■ DATA BELOW:
■ ■ ■ ■

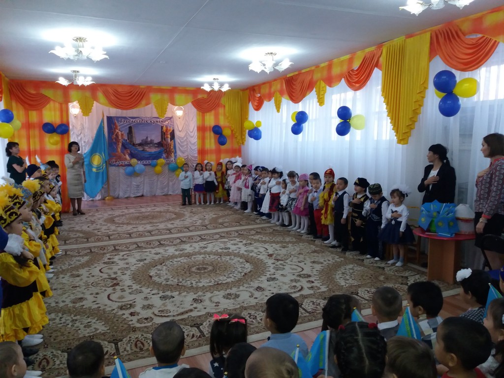 13-14 желтоқсан күндері балабақшамызда Тәуелсіздігіміздің 25 жылдық тойына арналған ертеңгілік өтті. Ән ұранымыз айтылды. Қонаққа "Алтын Адам" келіп балаларды қуантты. Балалар би билеп, ән шырқады. Жаса, Қазақстан! 20161213_093828 20161213_094420 20161213_094632 20161213_100014-1
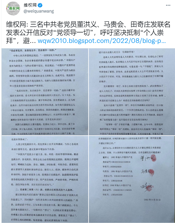 中國共產黨三名老黨員在20大前夕,發文要求黨中央刪除黨章中「黨領導一切」的文字。(Twitter/維權網)
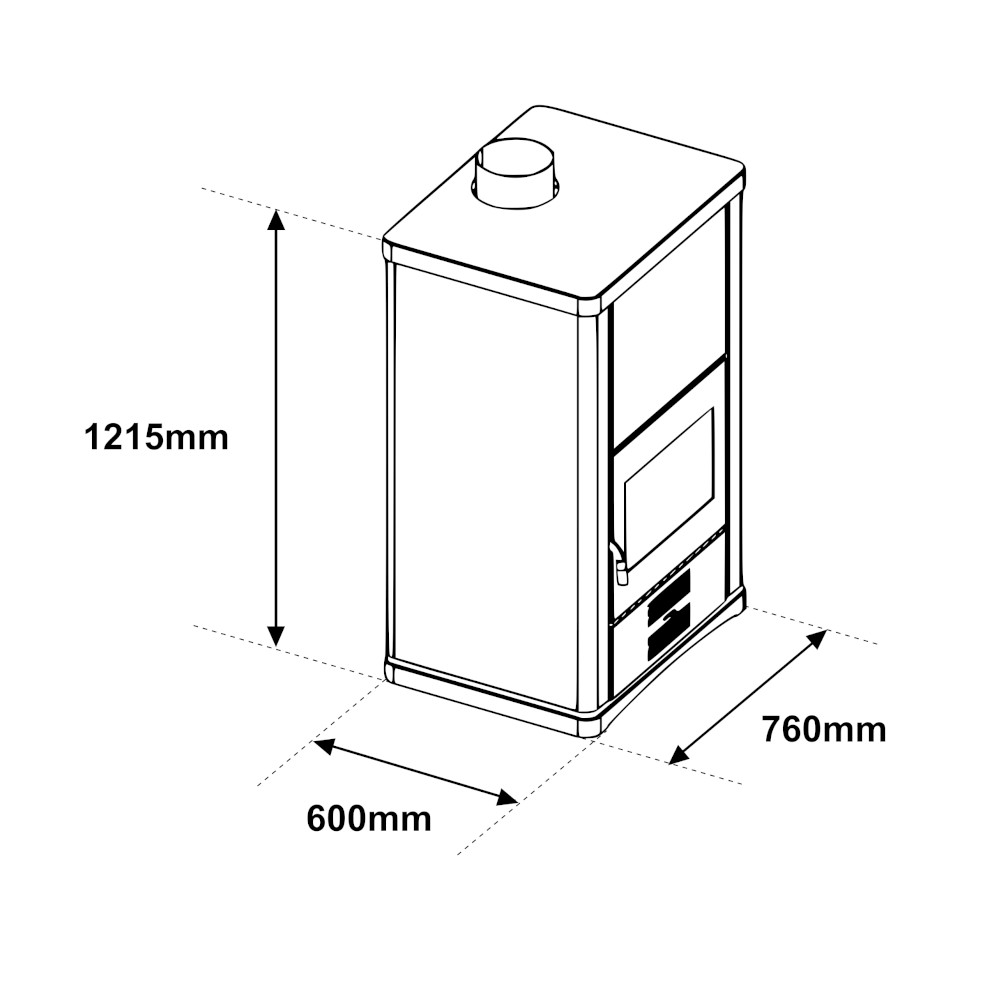 La stufa ha un’ampia struttura, larga 78 cm, alta 100 cm, mentre il vano camino ha dimensioni 600x420x440 mm.

■ ■ ■ ■

■ PROBLEM: For this exercise, write out the listing verbatim and leave every image out.

■ OUTPUT OF THE TASK:
 13-14 желтоқсан күндері балабақшамызда Тәуелсіздігіміздің 25 жылдық тойына арналған ертеңгілік өтті. Ән ұранымыз айтылды. Қонаққа "Алтын Адам" келіп балаларды қуантты. Балалар би билеп, ән шырқады. Жаса, Қазақстан! 20161213_093828 20161213_094420 20161213_094632 20161213_100014-1
 中國共產黨三名老黨員在20大前夕,發文要求黨中央刪除黨章中「黨領導一切」的文字。(Twitter/維權網)
 La stufa ha un’ampia struttura, larga 78 cm, alta 100 cm, mentre il vano camino ha dimensioni 600x420x440 mm.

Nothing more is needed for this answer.